Dynamic Response of Bridges to Near and Far Fault, Forward Directivity Ground Motions

In this study, we assessed the performance of a concrete bridge under the dynamic strain of an earthquake in the near and far domain of earth’s faults. With respect to available data and showing the effects of key factors and variables, we have examined the bridge’s performance. The modelling of a double span bridge has been done in CSI Bridge software and has been compared and examined to assess the capability of a bridge under the strain of a close-to-fault-line earthquake and a far-from-fault-line earthquake. Timeline interpretation was done on the resulting models and from 7 records from the past earthquakes and it was observed that the close to fault line earthquakes caused much bigger displacements when compared to far from fault line earthquakes. Bridges which are separated by a quake separator, have an acceptable response to far from fault line earthquakes. This means that by disassembling these bridges, the acceleration rate on the deck, the cut of the base, as well as the relative displacement of the deck relative to the undivided bridge, is reduced. This issue is not reflected in the response of the bridges to faults near earthquakes.
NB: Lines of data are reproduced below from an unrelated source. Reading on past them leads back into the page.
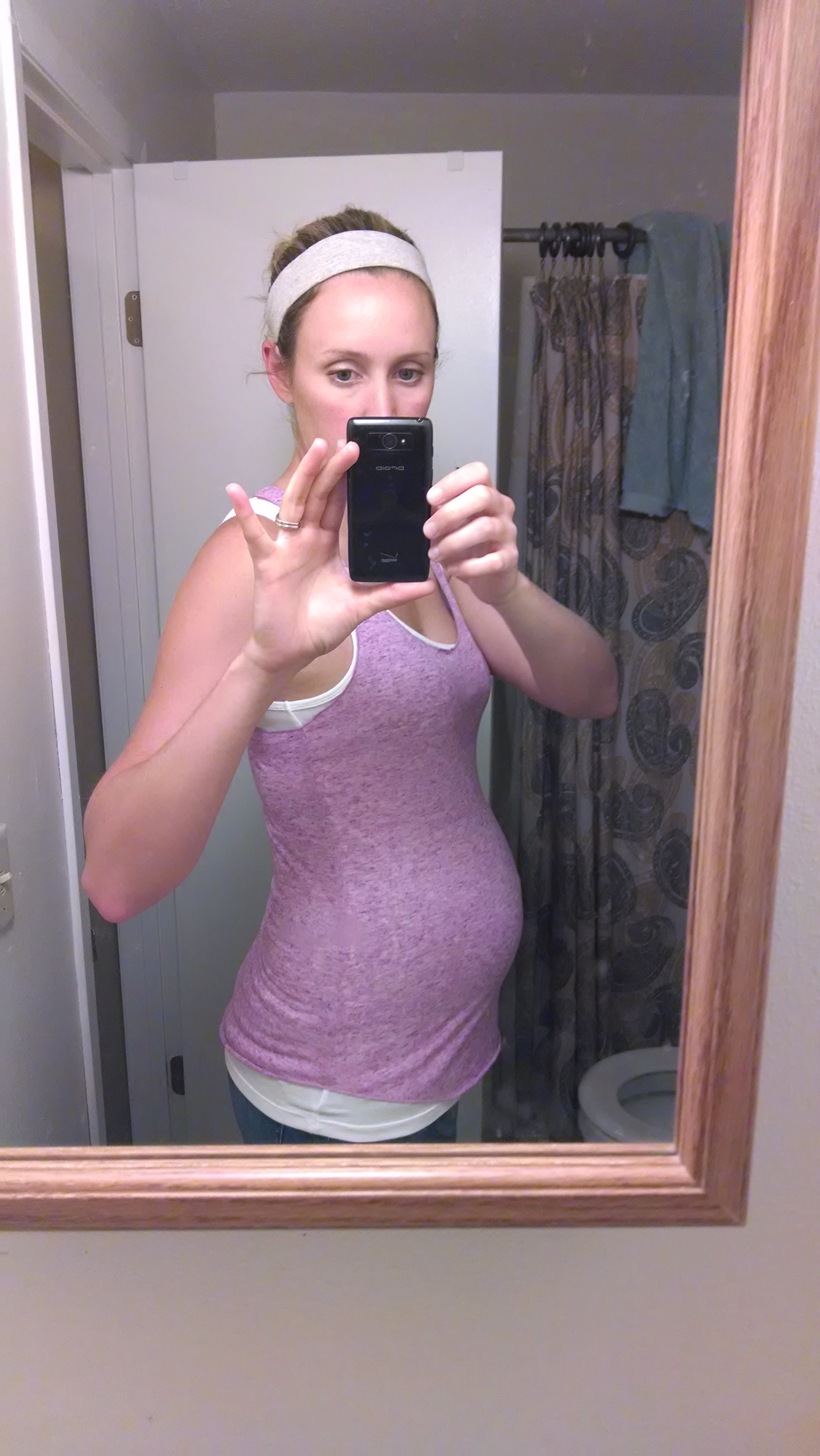 Here I am at 21 weeks and 4 days. Traveling for work so taking a selfie in the hotel bathroom. Getting bigger and love feeling the baby kick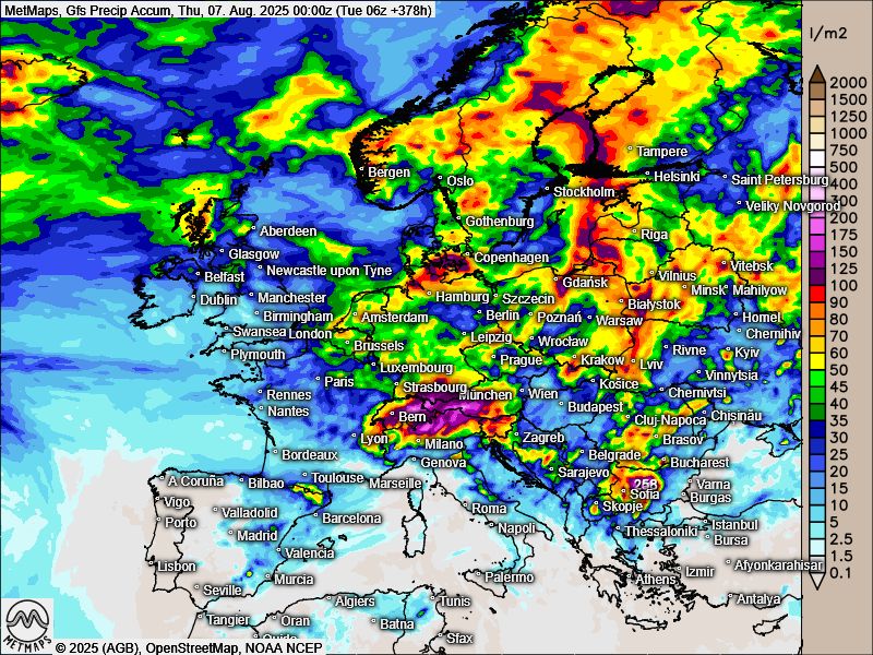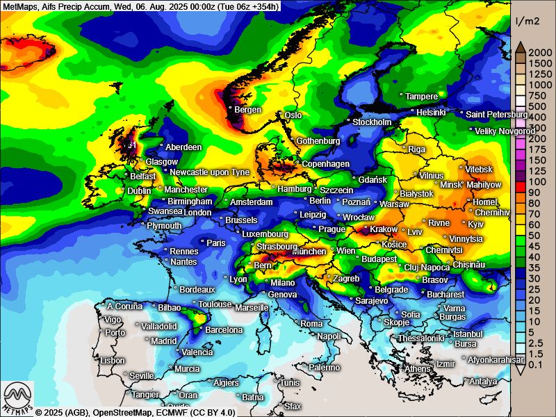 Die beiden Karten zeigen die summierten Regenmengen bis Anfang August nach GFS und AIFS.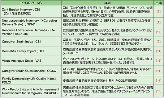 表2 介護者に関するアウトカム評価ツールのまとめ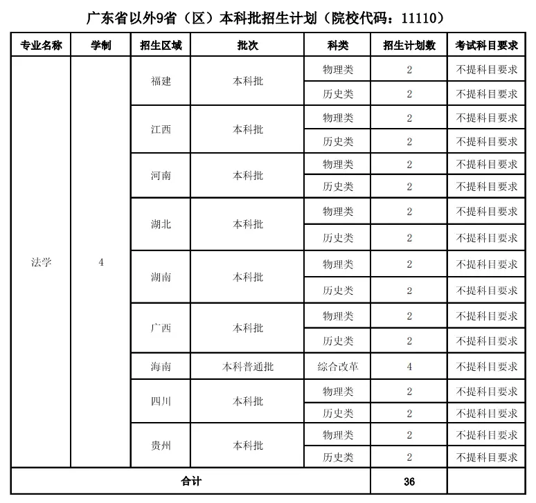 普通本科批专业:约200人,包括法学、行政管理等专业,面向广东招生

By investigating the record of near-earthquakes, it was observed that these earthquakes produced large displacements to earthquakes that are far from faults, which could make the isolation system more critical, so, to avoid this event, it FDGM should be used to reform the response these bridges have to the earthquake.
Based on these results, it can be stated that the displacements near the fault and with the effect of progressive movement will be greater than the distances from the fault, so that for the ratio of different distances from the fault, the lower this ratio is, the maximum displacement of the bridge and the maximum cutting force will also be greater.